▸ Dataset content
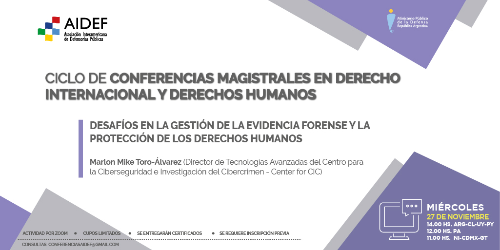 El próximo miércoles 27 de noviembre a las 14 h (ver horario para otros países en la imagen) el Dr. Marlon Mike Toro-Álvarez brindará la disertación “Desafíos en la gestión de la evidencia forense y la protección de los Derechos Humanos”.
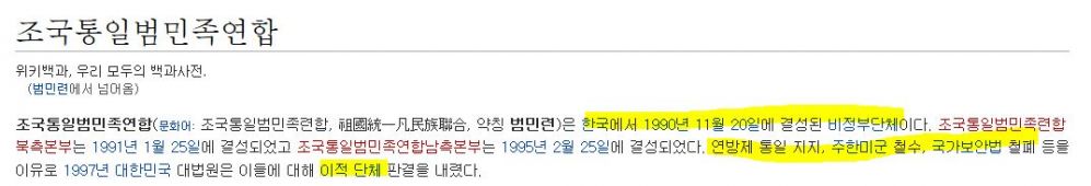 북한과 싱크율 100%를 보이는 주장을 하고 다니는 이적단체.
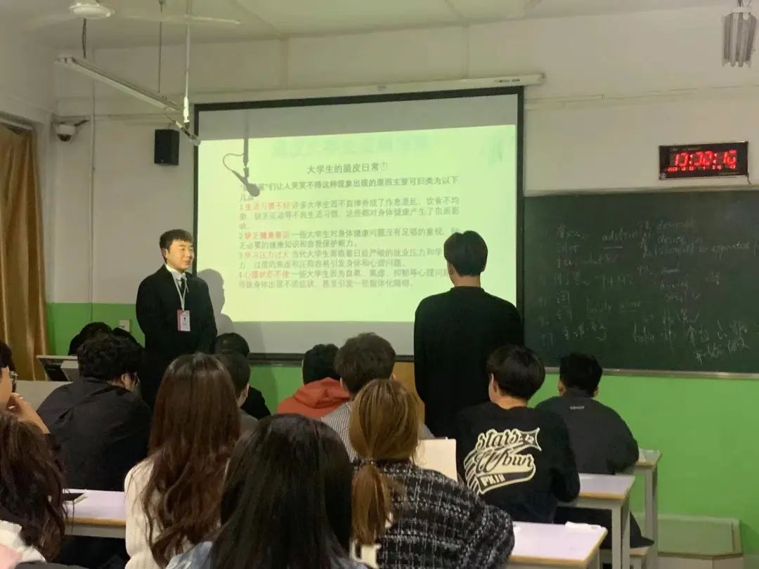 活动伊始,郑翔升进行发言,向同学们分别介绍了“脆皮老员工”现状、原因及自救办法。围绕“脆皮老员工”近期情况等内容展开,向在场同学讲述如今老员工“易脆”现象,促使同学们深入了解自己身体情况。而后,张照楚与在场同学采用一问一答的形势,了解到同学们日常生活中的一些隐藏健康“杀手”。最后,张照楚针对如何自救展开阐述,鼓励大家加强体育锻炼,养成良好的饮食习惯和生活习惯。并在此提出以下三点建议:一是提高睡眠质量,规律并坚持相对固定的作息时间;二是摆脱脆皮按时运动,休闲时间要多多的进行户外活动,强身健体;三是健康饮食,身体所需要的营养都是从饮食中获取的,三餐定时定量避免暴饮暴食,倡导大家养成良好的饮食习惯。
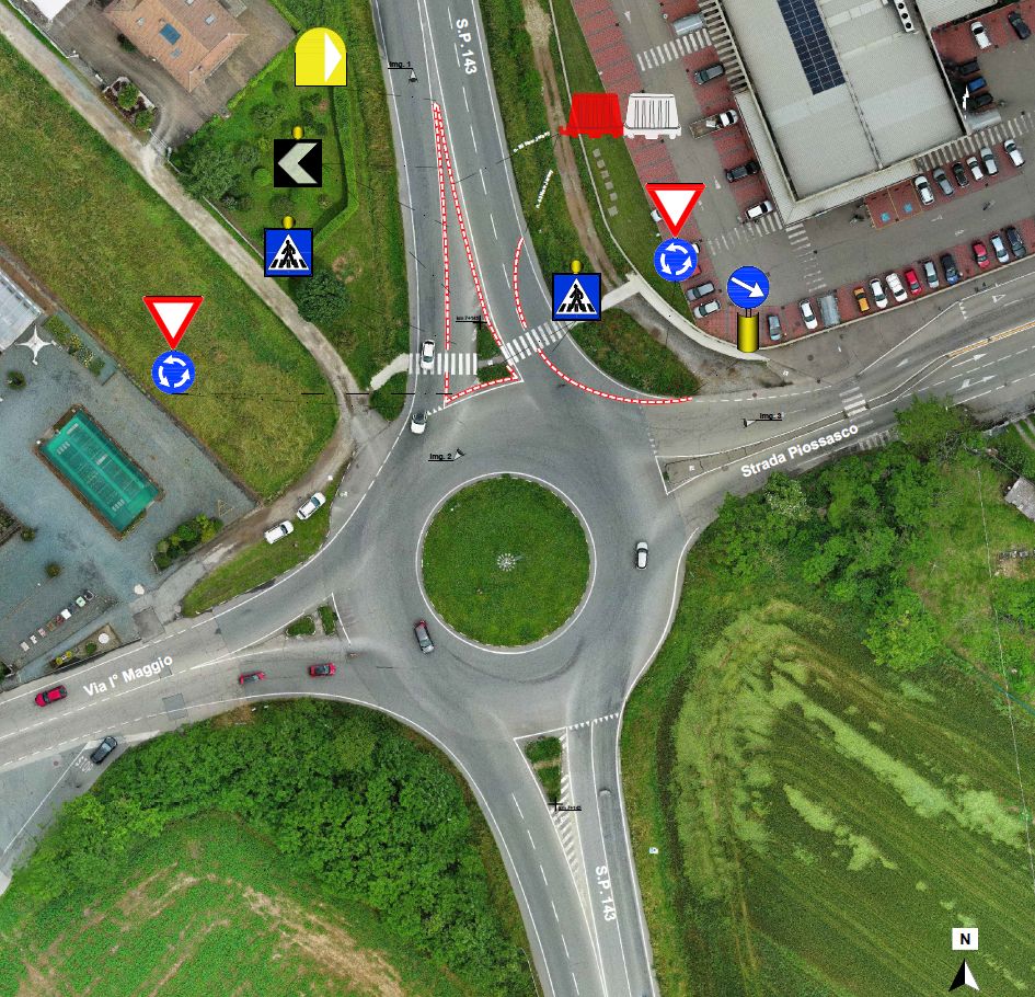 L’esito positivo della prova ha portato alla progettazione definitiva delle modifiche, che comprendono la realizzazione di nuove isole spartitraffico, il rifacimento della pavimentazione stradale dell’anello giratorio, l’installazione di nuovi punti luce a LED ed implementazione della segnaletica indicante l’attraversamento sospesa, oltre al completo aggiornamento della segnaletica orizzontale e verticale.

▸ Try it
Write out again, exactly, the lines from the start of the listing up to the line containing "북한과 싱크율 100%를 보이는 주장을 하고 다니는 이적단체.", with both ends and without pictures.

▸ Answer box
 El próximo miércoles 27 de noviembre a las 14 h (ver horario para otros países en la imagen) el Dr. Marlon Mike Toro-Álvarez brindará la disertación “Desafíos en la gestión de la evidencia forense y la protección de los Derechos Humanos”.
 북한과 싱크율 100%를 보이는 주장을 하고 다니는 이적단체.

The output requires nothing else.